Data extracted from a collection
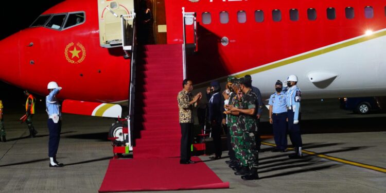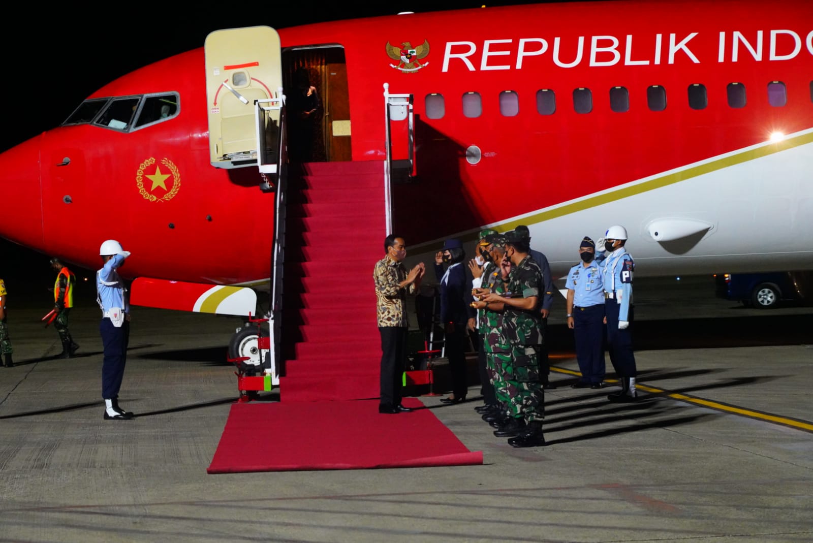 Kedatangan Presiden RI bersama rombongan ke Nusa Tenggara Timur (NTT) menggunakan pesawat Kepresidenan Boeing Business Jet (BBJ) 2 ini dalam rangka kunjungan kerja di wilayah Kota Kupang, Kabupaten TTS dan Belu.
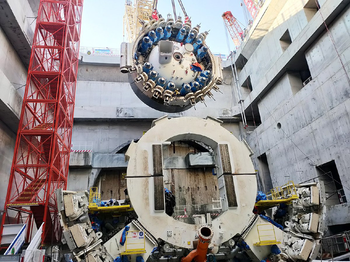 地面是塔吊林立的城市副中心站综合交通枢纽施工工地,地下是平稳掘进中的东六环盾构隧道。谁能想到,城市副中心在建的两大基础设施同步施工,在地下完成了一次“贴身穿越”。
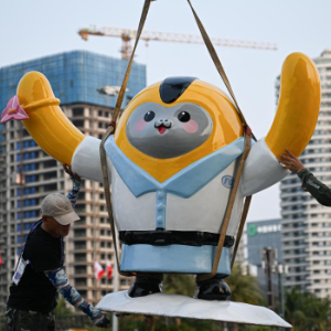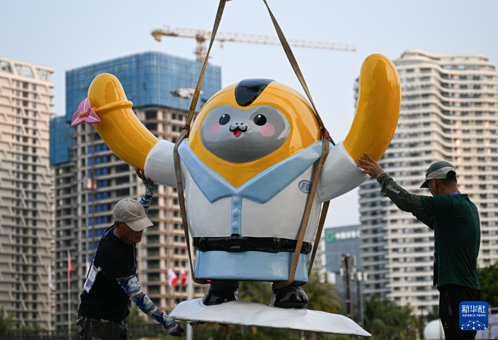 4月10日,工作人员在第六届消博会主会场外吊放消博会吉祥物。
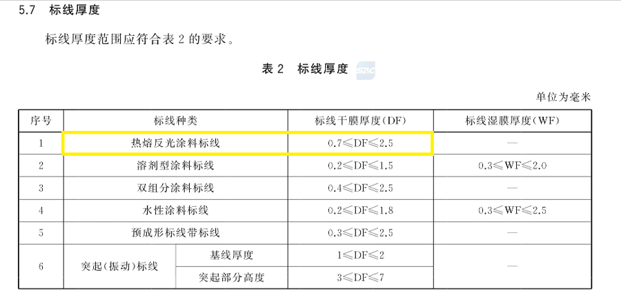 推荐性国家标准《道路交通标线质量要求和检测方法》(GB/T 16311-2024)则明确,热熔标线厚度在0.7毫米至2.5毫米之间。
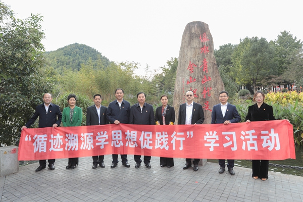 10月20日下午,校黨委書記金佩華、校長許慧霞帶領學校黨委理論學習中心組全體成員走進安吉余村,沿著習近平總書記的足跡,開展“循跡溯源學思想促踐行”研學活動,學習體悟習近平新時代中國特色社會主義思想在浙江的萌發與實踐,通過現場學習進一步感受思想偉力、汲取真理力量。安吉縣委副書記、縣長寧云陪同。
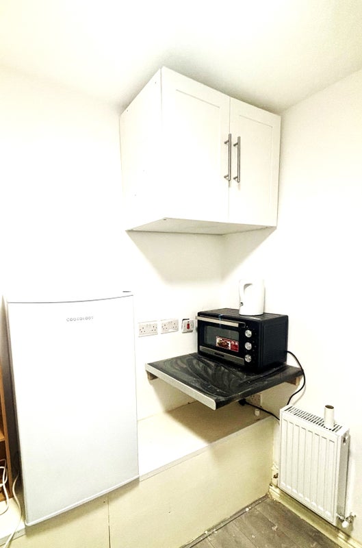 Small studio: fully furnished, with kitchenette and en-suite bathroom. Washing machine included.

REQUIREMENT:
Please reproduce the records above exactly and leave any picture behind.

EXERCISE OUTPUT:
 Kedatangan Presiden RI bersama rombongan ke Nusa Tenggara Timur (NTT) menggunakan pesawat Kepresidenan Boeing Business Jet (BBJ) 2 ini dalam rangka kunjungan kerja di wilayah Kota Kupang, Kabupaten TTS dan Belu.
 地面是塔吊林立的城市副中心站综合交通枢纽施工工地,地下是平稳掘进中的东六环盾构隧道。谁能想到,城市副中心在建的两大基础设施同步施工,在地下完成了一次“贴身穿越”。
 4月10日,工作人员在第六届消博会主会场外吊放消博会吉祥物。
 推荐性国家标准《道路交通标线质量要求和检测方法》(GB/T 16311-2024)则明确,热熔标线厚度在0.7毫米至2.5毫米之间。
 10月20日下午,校黨委書記金佩華、校長許慧霞帶領學校黨委理論學習中心組全體成員走進安吉余村,沿著習近平總書記的足跡,開展“循跡溯源學思想促踐行”研學活動,學習體悟習近平新時代中國特色社會主義思想在浙江的萌發與實踐,通過現場學習進一步感受思想偉力、汲取真理力量。安吉縣委副書記、縣長寧云陪同。
 Small studio: fully furnished, with kitchenette and en-suite bathroom. Washing machine included.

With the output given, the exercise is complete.